Currently all netdevice events are handled in the centralized notifier
handler maintained by spectrum.c. Since a number of events are involving
router code, spectrum.c needs to dispatch them to spectrum_router.c. The
spectrum module therefore needs to know more about the router code than it
should have, and there is are several API points through which the two
modules communicate.

In this patchset, move bulk of the router-related event handling to the
router code. Some of the knowledge has to stay: spectrum.c cannot veto
events that the router supports, and vice versa. But beyond that, the two
can ignore each other's details, which leads to more focused and simpler
code.

As a side effect, this fixes L3 HW stats support on tunnel netdevices.

The patch set progresses as follows:

- In patch #1, change spectrum code to not bounce L3 enslavement, which the
  router code supports.

- In patch #2, add a new do-nothing notifier block to the router code.

- In patches #3-#6, move router-specific event handling to the router
  module. In patch #7, clean up a comment.

- In patch #8, use the advantage that all router event handling is in the
  router code and clean up taking router lock.
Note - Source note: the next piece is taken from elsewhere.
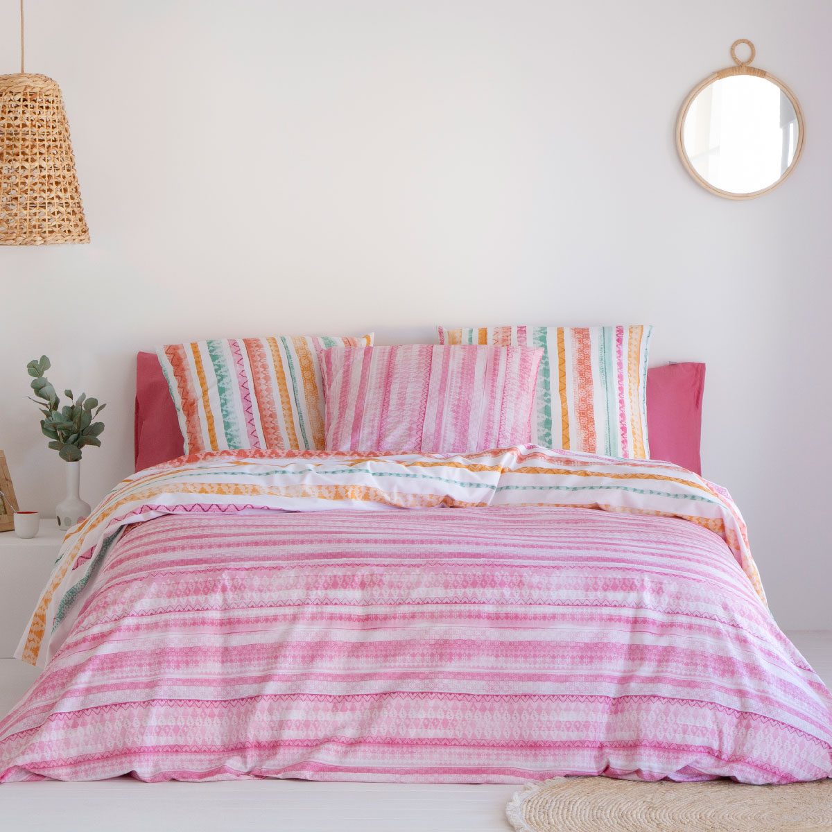 | Libellé | Housse de couette réversible en coton TRIBE rose |
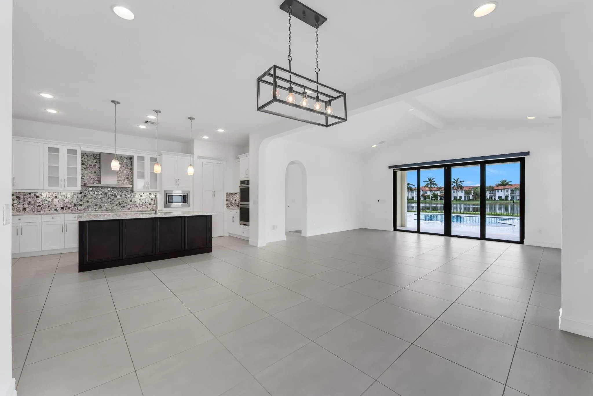 Experience modern luxury in this exquisite 3-bedroom, 2.5-bath residence with an open-concept design that seamlessly blends contemporary elegance with comfort, offering breathtaking vistas of the pool and tranquil lake beyond.rnFully equipped with SOLAR PANELS, it maintains average electricity costs under $70 per month. A newly installed Vivint smart security system provides peace of mind with advanced home monitoring and seamless smart-home integration.rnBeautiful gourmet kitchen with premium Jenn-Air appliances, speckled white quartz countertops, a sleek cooktop, double wall ovens, and a spacious center island with custom cabinetry. rnstunning master bathroom spa-inspired bath with an upgraded soaking tub and jacuzzi.rnThe backyard has been transformed into an entertainer’s paradise.

- mlxsw supports L3 HW stats on tunnels as of this patchset. Patches #9 and
  #10 therefore add a selftest for L3 HW stats support on tunnels.
====================

Signed-off-by: David S. Miller <davem@davemloft.net>
2022-05-08 11:46:21 +01:00
Petr Machata
813f97a268 selftests: forwarding: Add a tunnel-based test for L3 HW stats
Add a selftest that uses an IPIP topology and tests that L3 HW stats
reflect the traffic in the tunnel.

Signed-off-by: Petr Machata <petrm@nvidia.com>
Signed-off-by: Ido Schimmel <idosch@nvidia.com>
Signed-off-by: David S. Miller <davem@davemloft.net>
2022-05-08 11:46:21 +01:00
Petr Machata
32fb67a3e7 selftests: lib: Add a generic helper for obtaining HW stats
The function get_l3_stats() from the test hw_stats_l3.sh will be useful for
any test that wishes to work with L3 stats. Furthermore, it is easy to
generalize to other HW stats suites (for when such are added). Therefore,
move the code to lib.sh, rewrite it to have the same interface as the other
stats-collecting functions, and generalize to take the name of the HW stats
suite to collect as an argument.

Signed-off-by: Petr Machata <petrm@nvidia.com>
Signed-off-by: Ido Schimmel <idosch@nvidia.com>
Signed-off-by: David S. Miller <davem@davemloft.net>
2022-05-08 11:46:20 +01:00
Petr Machata
c353fb0d4c mlxsw: spectrum_router: Take router lock in router notifier handler
For notifications that the router needs to handle, router lock is taken.
Further, at least to determine whether an event is related to a tunnel
underlay, router lock also needs to be taken. Due to this, the router lock
is always taken for each unhandled event, and also for some handled events,
even if they are not related to underlay. Thus each event implies at least
one router lock, sometimes two.

Instead of deferring the locking to the leaf handlers, take the lock in the
router notifier handler always. This simplifies thinking about the locking
state, and in some cases saves one lock cycle.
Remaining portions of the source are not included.